*** Opening of Material for this exercise ***

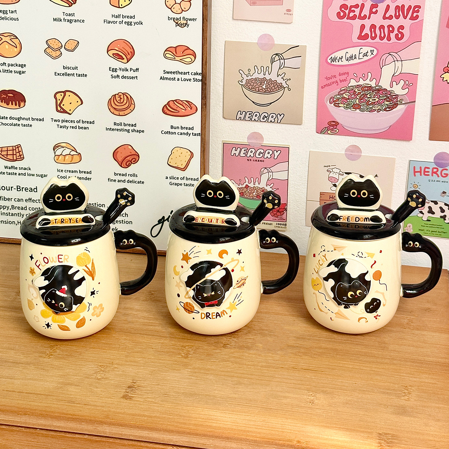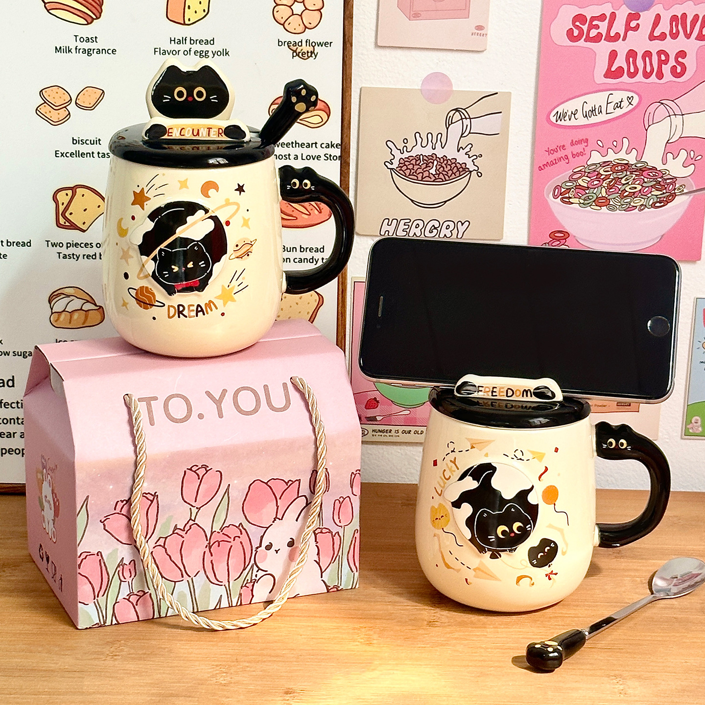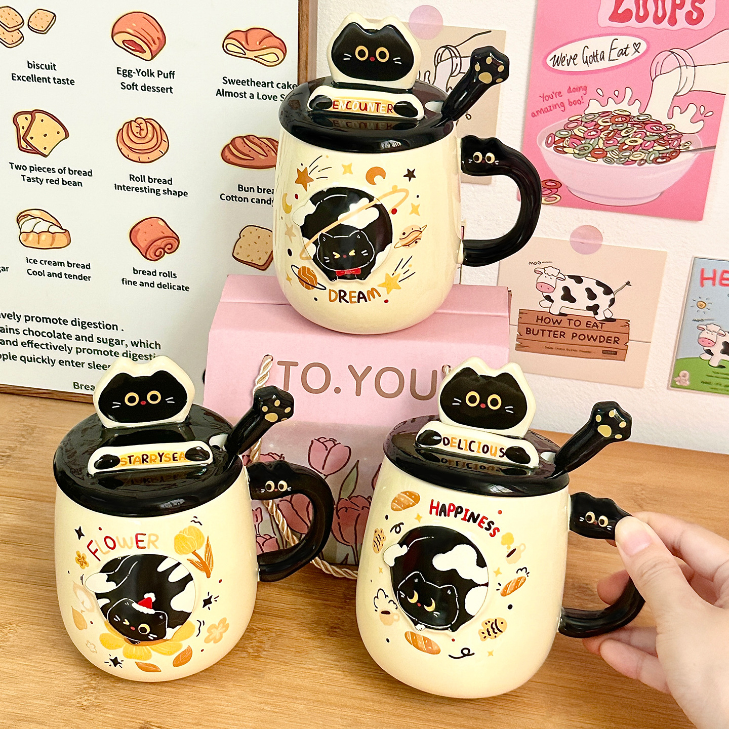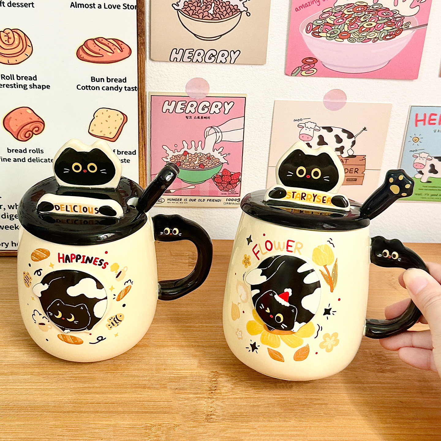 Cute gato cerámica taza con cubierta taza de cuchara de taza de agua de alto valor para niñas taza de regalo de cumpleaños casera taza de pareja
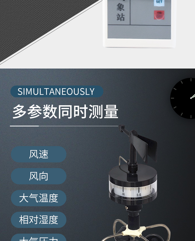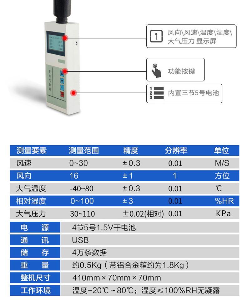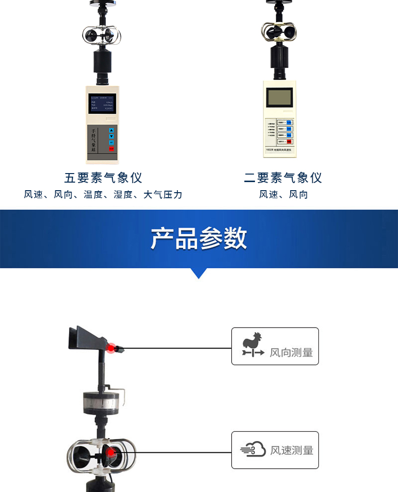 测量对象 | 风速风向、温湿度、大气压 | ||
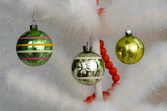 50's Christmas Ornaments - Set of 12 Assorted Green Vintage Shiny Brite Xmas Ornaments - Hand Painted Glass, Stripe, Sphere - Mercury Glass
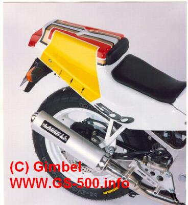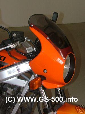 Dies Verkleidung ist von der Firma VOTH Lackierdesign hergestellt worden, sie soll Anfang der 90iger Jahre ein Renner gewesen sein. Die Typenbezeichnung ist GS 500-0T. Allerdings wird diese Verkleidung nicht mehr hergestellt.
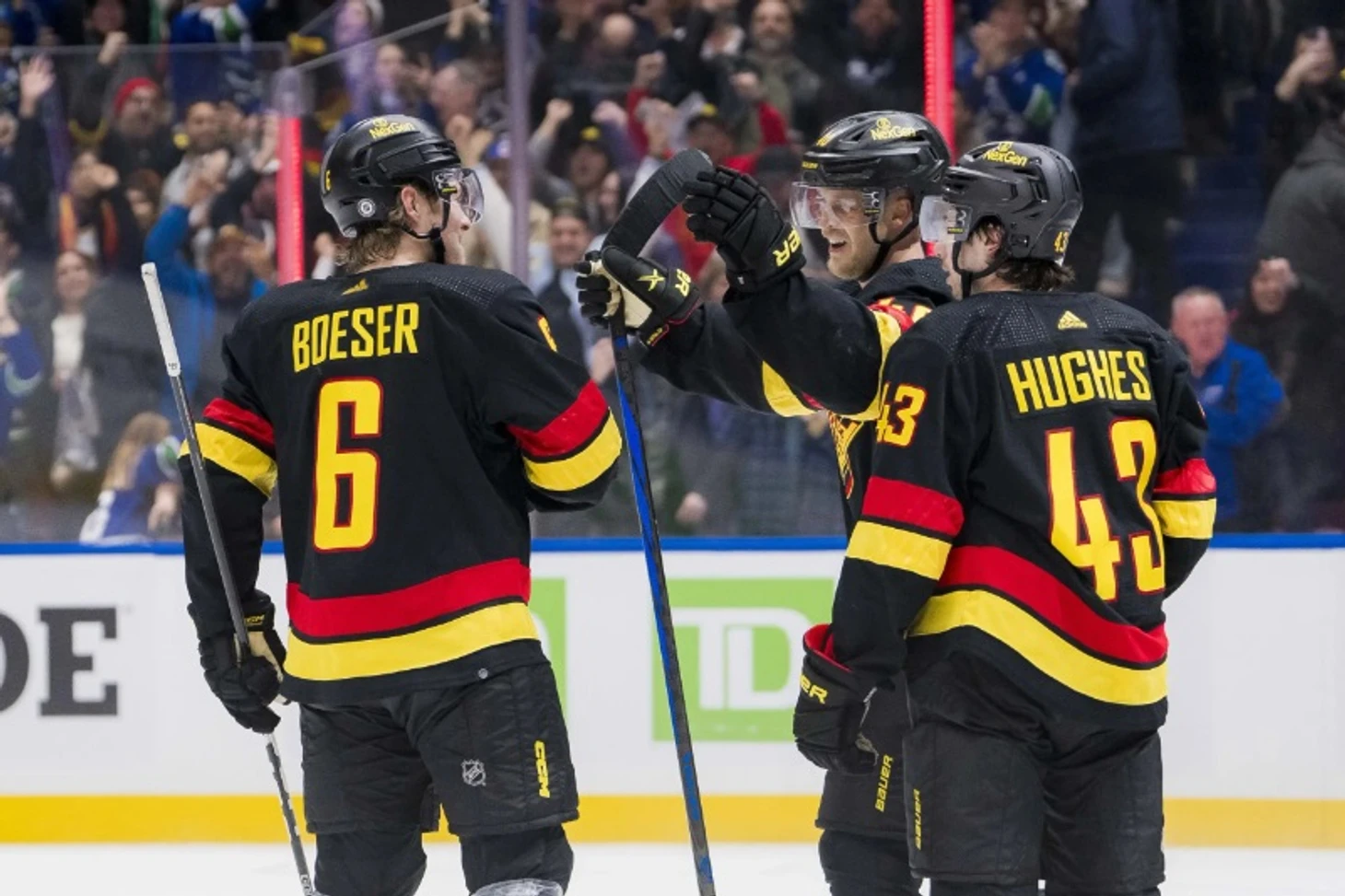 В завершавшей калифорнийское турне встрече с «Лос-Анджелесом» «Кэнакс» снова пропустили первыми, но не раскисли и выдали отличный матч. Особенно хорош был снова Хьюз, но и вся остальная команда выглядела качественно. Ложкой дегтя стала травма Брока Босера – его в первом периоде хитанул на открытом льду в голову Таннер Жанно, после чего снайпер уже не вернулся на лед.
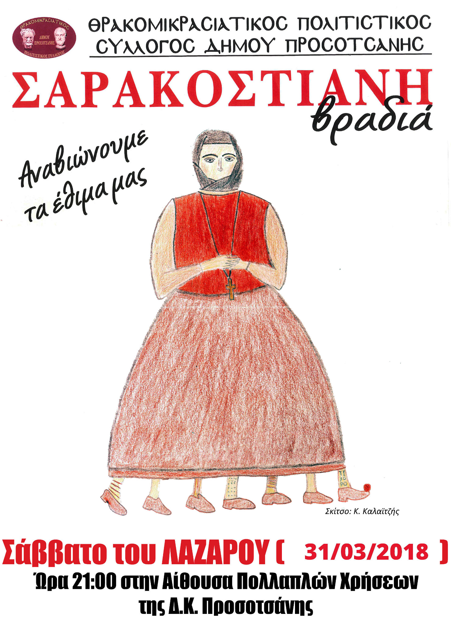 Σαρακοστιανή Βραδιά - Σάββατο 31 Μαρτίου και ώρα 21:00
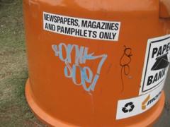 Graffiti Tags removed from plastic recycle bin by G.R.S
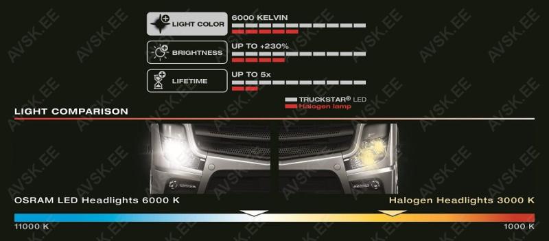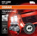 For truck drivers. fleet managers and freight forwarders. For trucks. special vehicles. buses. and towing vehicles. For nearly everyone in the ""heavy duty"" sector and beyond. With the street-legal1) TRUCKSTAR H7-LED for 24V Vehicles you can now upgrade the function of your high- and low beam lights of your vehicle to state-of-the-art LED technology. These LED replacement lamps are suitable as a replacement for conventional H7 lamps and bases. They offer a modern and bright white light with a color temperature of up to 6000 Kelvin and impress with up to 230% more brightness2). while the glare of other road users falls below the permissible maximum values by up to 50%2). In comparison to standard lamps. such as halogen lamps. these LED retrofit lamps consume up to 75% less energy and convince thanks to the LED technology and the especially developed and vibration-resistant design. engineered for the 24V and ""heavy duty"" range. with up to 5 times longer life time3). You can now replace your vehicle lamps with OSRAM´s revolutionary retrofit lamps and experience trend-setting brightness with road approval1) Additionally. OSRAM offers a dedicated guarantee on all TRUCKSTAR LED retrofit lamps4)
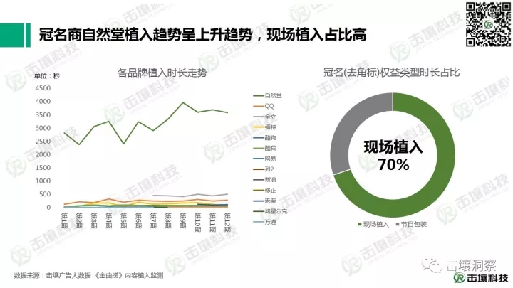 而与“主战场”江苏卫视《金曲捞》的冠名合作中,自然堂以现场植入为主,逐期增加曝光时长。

*** Close of Material for this exercise ***

Copy the records exactly as they appear, leaving every picture out.

 Cute gato cerámica taza con cubierta taza de cuchara de taza de agua de alto valor para niñas taza de regalo de cumpleaños casera taza de pareja
 测量对象 | 风速风向、温湿度、大气压 | ||
 50's Christmas Ornaments - Set of 12 Assorted Green Vintage Shiny Brite Xmas Ornaments - Hand Painted Glass, Stripe, Sphere - Mercury Glass
 Dies Verkleidung ist von der Firma VOTH Lackierdesign hergestellt worden, sie soll Anfang der 90iger Jahre ein Renner gewesen sein. Die Typenbezeichnung ist GS 500-0T. Allerdings wird diese Verkleidung nicht mehr hergestellt.
 В завершавшей калифорнийское турне встрече с «Лос-Анджелесом» «Кэнакс» снова пропустили первыми, но не раскисли и выдали отличный матч. Особенно хорош был снова Хьюз, но и вся остальная команда выглядела качественно. Ложкой дегтя стала травма Брока Босера – его в первом периоде хитанул на открытом льду в голову Таннер Жанно, после чего снайпер уже не вернулся на лед.
 Σαρακοστιανή Βραδιά - Σάββατο 31 Μαρτίου και ώρα 21:00
 Graffiti Tags removed from plastic recycle bin by G.R.S
 For truck drivers. fleet managers and freight forwarders. For trucks. special vehicles. buses. and towing vehicles. For nearly everyone in the ""heavy duty"" sector and beyond. With the street-legal1) TRUCKSTAR H7-LED for 24V Vehicles you can now upgrade the function of your high- and low beam lights of your vehicle to state-of-the-art LED technology. These LED replacement lamps are suitable as a replacement for conventional H7 lamps and bases. They offer a modern and bright white light with a color temperature of up to 6000 Kelvin and impress with up to 230% more brightness2). while the glare of other road users falls below the permissible maximum values by up to 50%2). In comparison to standard lamps. such as halogen lamps. these LED retrofit lamps consume up to 75% less energy and convince thanks to the LED technology and the especially developed and vibration-resistant design. engineered for the 24V and ""heavy duty"" range. with up to 5 times longer life time3). You can now replace your vehicle lamps with OSRAM´s revolutionary retrofit lamps and experience trend-setting brightness with road approval1) Additionally. OSRAM offers a dedicated guarantee on all TRUCKSTAR LED retrofit lamps4)
 而与“主战场”江苏卫视《金曲捞》的冠名合作中,自然堂以现场植入为主,逐期增加曝光时长。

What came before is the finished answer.